The historian Geoffrey Blainey compares the Catholic Church in its first 1200 years to an early version of a welfare state: "It conducted hospitals for the old and orphanages for the young; hospices for the sick of all ages; places for the lepers; and hostels or inns where pilgrims could buy a cheap bed and meal". It supplied food to the population during famine and distributed food to the poor. The church ran schools.

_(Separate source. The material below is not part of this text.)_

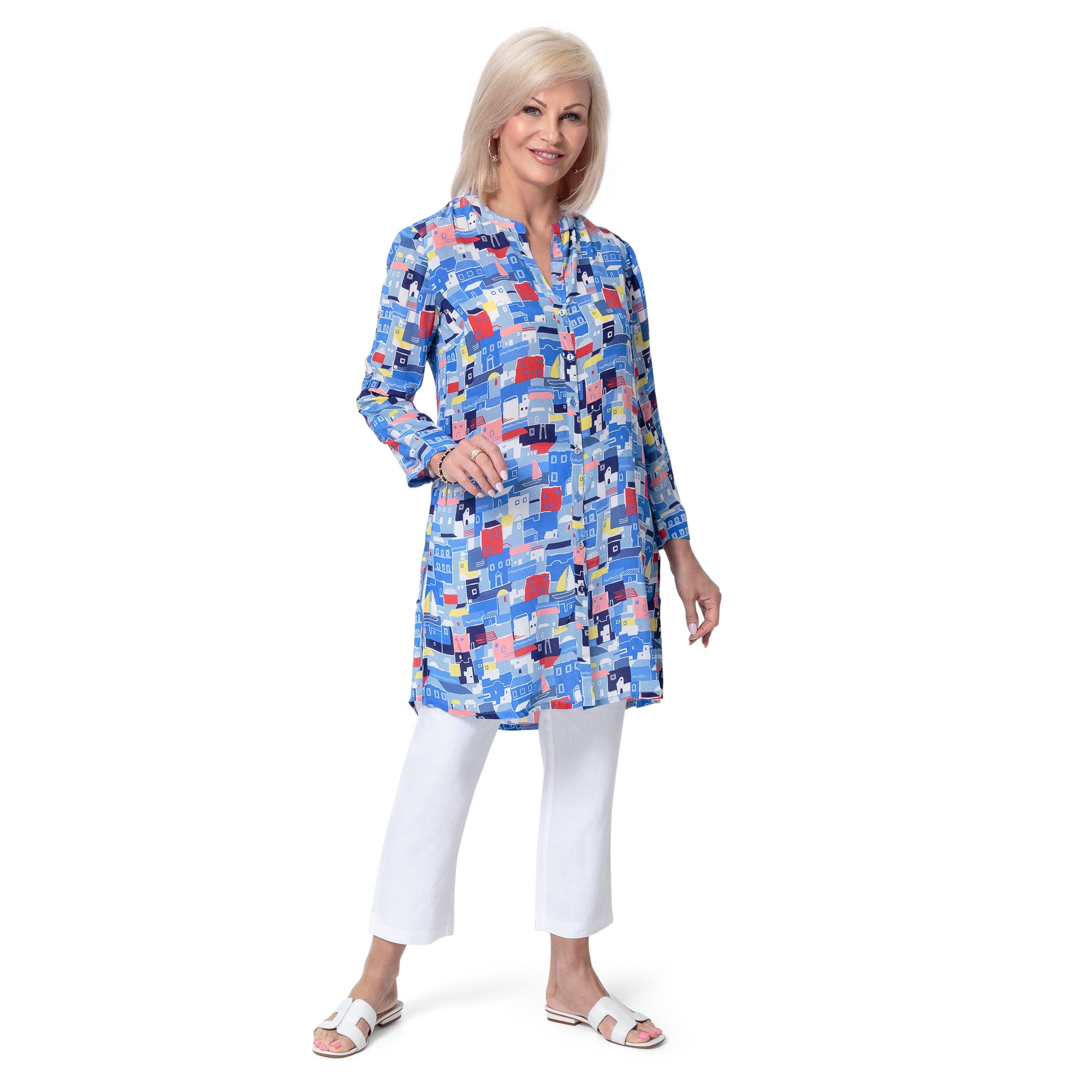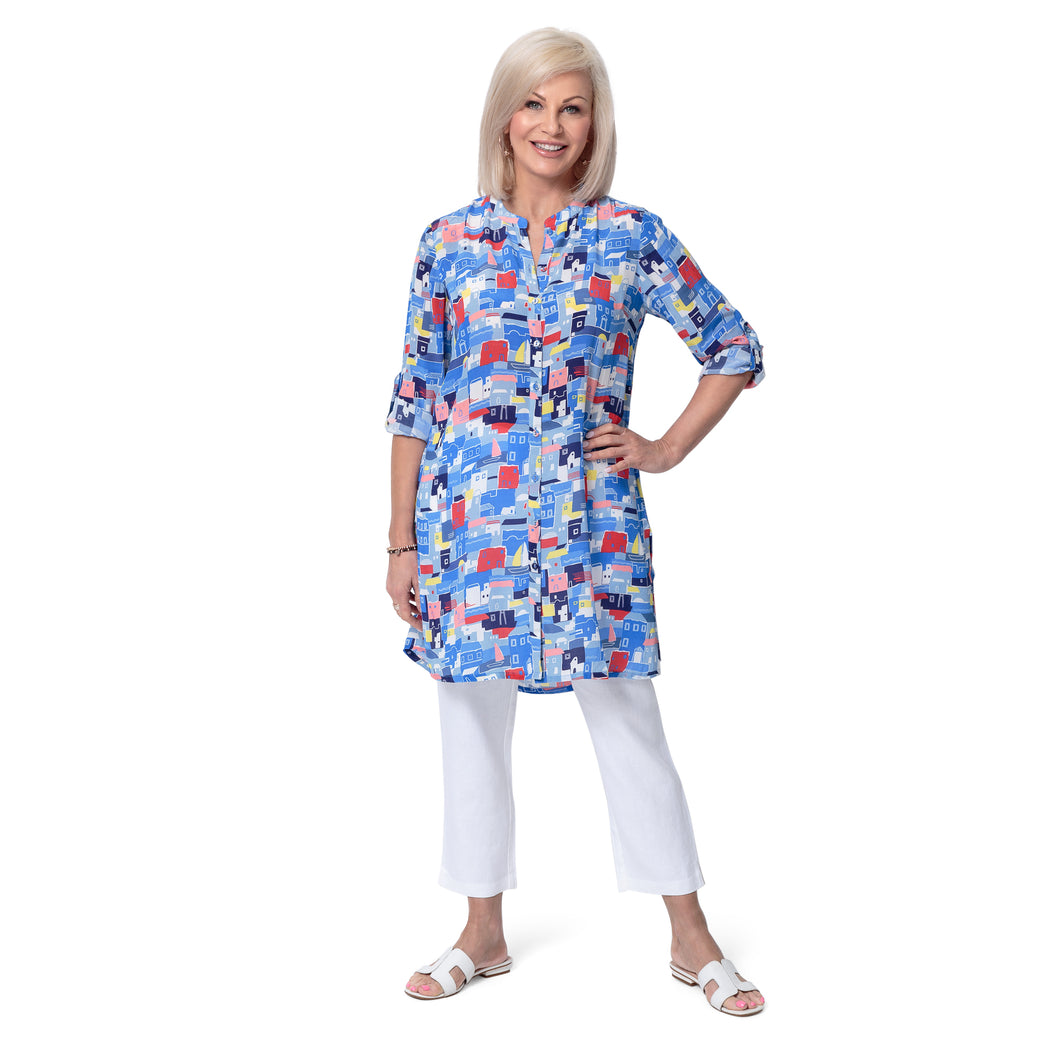 Our 100% silk Mykonos print button through shirt/tunic. A stunning summer long shirt with a glorious print evoking sun drenched Mediterranean houses. Perfect to wear buttoned up as a knee length dress, or open over a t-shirt and trousers.Info and Care: 100% Silk Machine Washable Length: 90cms Loose Fit

This was funded through the church's collection of taxes on a large scale, by the church's ownership of large farmlands and estates from the 800s, and by donations.[11] Christian charity and the practice of feeding and clothing the poor, visiting prisoners, supporting widows and orphan children has had sweeping impact, and charity has become a common and mostly universal practice.[12]
The formation of monasteries as organized bodies of believers distinct from the established forms of political and familial authority gradually carved out a series of social spaces with some amount of independence. This revolutionized social history, especially for women, who were then able to establish some power and influence in their own right.[13]
The canon law of the Catholic Church [14] is the system of laws and legal principles made and enforced by the hierarchical authorities of the Church to regulate its external organization and government and to order and direct the activities of Catholics toward the mission of the Church.[15] It was the first modern Western legal system[16] and is the oldest continuously functioning legal system in the West,[17] predating the European common law and civil law traditions.